Deutsche Bank cut its price target on XPeng Motors to $33 from $43, saying the carmaker is facing a painful strategic turnaround. The bank maintains its Buy rating on Xpeng, citing the company’s assisted-driving technology is undervalued over the long term.
XPeng is in the process of making multiple painful pivots and doesn’t have any clear quick pivot points in sight, the bank’s analysts said in a research note. “We lower our price target by $10 to $33, now based on 2.0x 2023E EV/Sales (vs. prior 2.5x), the low end of the group to reflect a much more painful strategic transition.”
XPeng on Tuesday reported second-quarter revenue that beat expectations, but gave yet another discouraging guidance for the next quarter. The company guided for third-quarter deliveries of 29,000 to 31,000 units, below the consensus estimate of 36,000 units.
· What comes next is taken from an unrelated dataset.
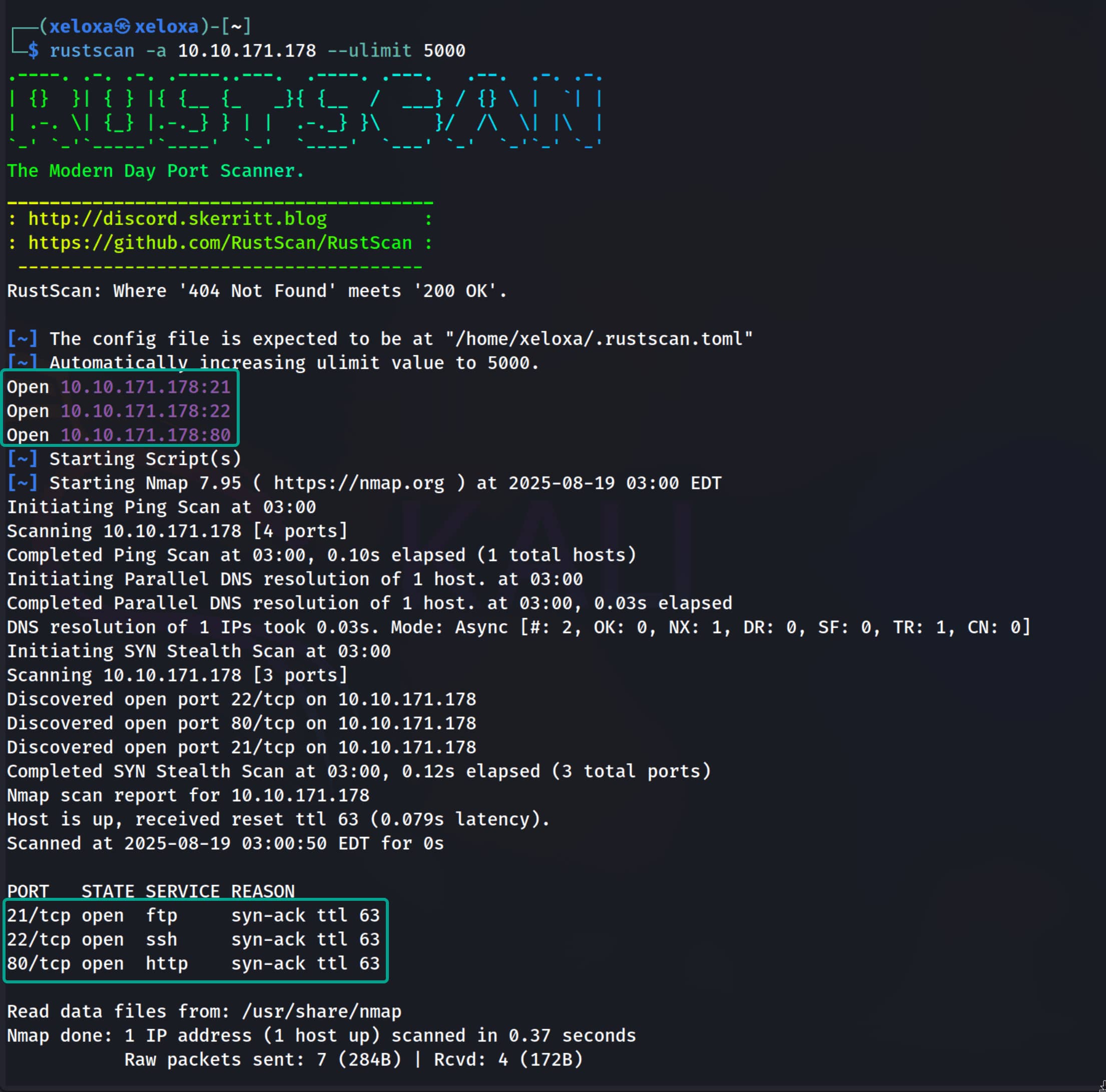 Let us begin by running a port scan on the target. To be fast, we will first use rustscan, then use nmap for an in-depth scan on the discovered ports.

China’s EV upstarts are increasingly facing customers with higher expectations for product freshness, forcing them to update their products more frequently, the note said. “In the absence of branding power (e.g., Tesla) or superior post purchase service (perhaps NIO), even very attractive products can suddenly fall out of favor in an environment where competition intensifies and BEV penetration is not increasing steadily.”
The team lower the forecast for XPeng deliveries this year and in 2023 by 10,000 units to 145,000 and 245,000, respectively, and expects gross margins to improve by 4 percentage points next year to about 16%.